*** Supplied material Section Begins ***

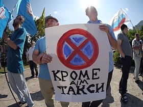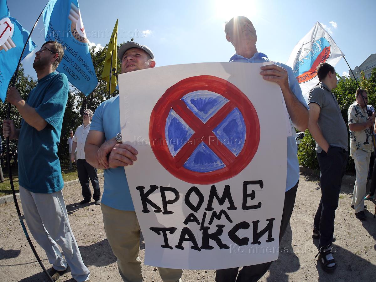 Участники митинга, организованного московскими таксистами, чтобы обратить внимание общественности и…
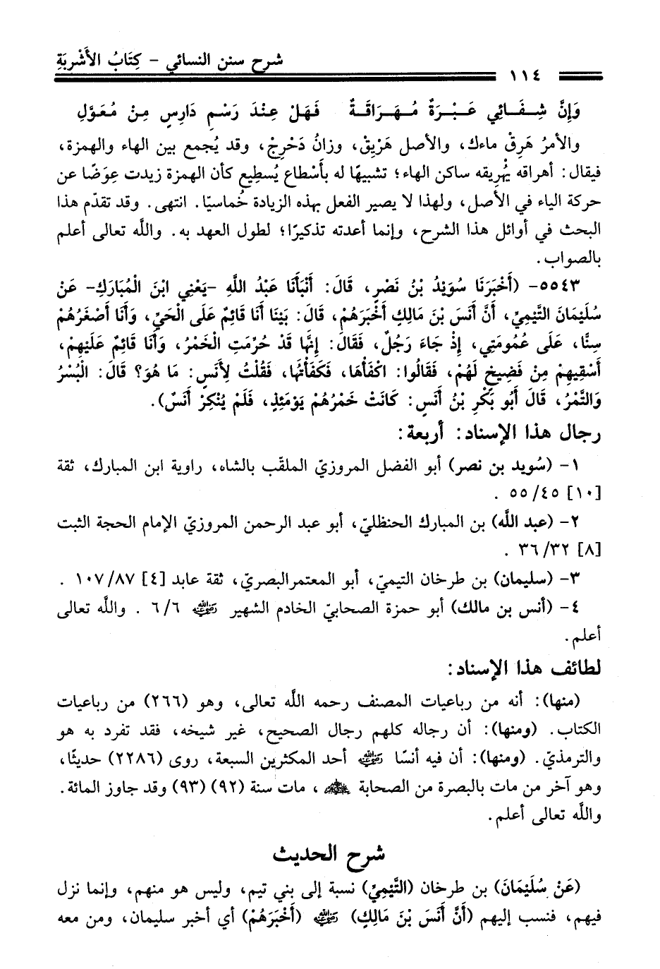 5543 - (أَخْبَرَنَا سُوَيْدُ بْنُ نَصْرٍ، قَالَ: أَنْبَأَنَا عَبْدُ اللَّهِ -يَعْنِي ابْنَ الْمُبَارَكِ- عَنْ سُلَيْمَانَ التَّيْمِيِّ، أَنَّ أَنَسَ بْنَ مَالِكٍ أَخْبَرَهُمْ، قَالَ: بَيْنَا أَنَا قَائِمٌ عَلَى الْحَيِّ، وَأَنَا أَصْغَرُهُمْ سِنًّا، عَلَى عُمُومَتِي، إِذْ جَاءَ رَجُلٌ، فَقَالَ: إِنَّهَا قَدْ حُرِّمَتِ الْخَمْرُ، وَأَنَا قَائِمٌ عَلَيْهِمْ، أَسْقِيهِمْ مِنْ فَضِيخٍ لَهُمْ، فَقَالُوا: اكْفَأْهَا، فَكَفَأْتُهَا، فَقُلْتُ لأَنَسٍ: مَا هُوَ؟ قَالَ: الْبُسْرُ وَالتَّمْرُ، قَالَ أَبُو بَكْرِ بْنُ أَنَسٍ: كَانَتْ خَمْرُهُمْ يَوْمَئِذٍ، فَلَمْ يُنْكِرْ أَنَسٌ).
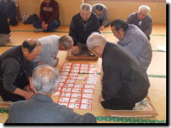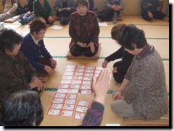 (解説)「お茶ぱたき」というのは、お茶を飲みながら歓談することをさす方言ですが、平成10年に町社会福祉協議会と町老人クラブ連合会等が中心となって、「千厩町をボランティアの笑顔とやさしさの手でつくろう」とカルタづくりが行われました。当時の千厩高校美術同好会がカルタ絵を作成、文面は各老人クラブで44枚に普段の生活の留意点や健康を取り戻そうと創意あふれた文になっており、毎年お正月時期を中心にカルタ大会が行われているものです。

*** Supplied material Section Ends ***

> **Work task**
Set down the entire material verbatim, with each picture left out.

> **Task solution**
 Участники митинга, организованного московскими таксистами, чтобы обратить внимание общественности и…
 5543 - (أَخْبَرَنَا سُوَيْدُ بْنُ نَصْرٍ، قَالَ: أَنْبَأَنَا عَبْدُ اللَّهِ -يَعْنِي ابْنَ الْمُبَارَكِ- عَنْ سُلَيْمَانَ التَّيْمِيِّ، أَنَّ أَنَسَ بْنَ مَالِكٍ أَخْبَرَهُمْ، قَالَ: بَيْنَا أَنَا قَائِمٌ عَلَى الْحَيِّ، وَأَنَا أَصْغَرُهُمْ سِنًّا، عَلَى عُمُومَتِي، إِذْ جَاءَ رَجُلٌ، فَقَالَ: إِنَّهَا قَدْ حُرِّمَتِ الْخَمْرُ، وَأَنَا قَائِمٌ عَلَيْهِمْ، أَسْقِيهِمْ مِنْ فَضِيخٍ لَهُمْ، فَقَالُوا: اكْفَأْهَا، فَكَفَأْتُهَا، فَقُلْتُ لأَنَسٍ: مَا هُوَ؟ قَالَ: الْبُسْرُ وَالتَّمْرُ، قَالَ أَبُو بَكْرِ بْنُ أَنَسٍ: كَانَتْ خَمْرُهُمْ يَوْمَئِذٍ، فَلَمْ يُنْكِرْ أَنَسٌ).
 (解説)「お茶ぱたき」というのは、お茶を飲みながら歓談することをさす方言ですが、平成10年に町社会福祉協議会と町老人クラブ連合会等が中心となって、「千厩町をボランティアの笑顔とやさしさの手でつくろう」とカルタづくりが行われました。当時の千厩高校美術同好会がカルタ絵を作成、文面は各老人クラブで44枚に普段の生活の留意点や健康を取り戻そうと創意あふれた文になっており、毎年お正月時期を中心にカルタ大会が行われているものです。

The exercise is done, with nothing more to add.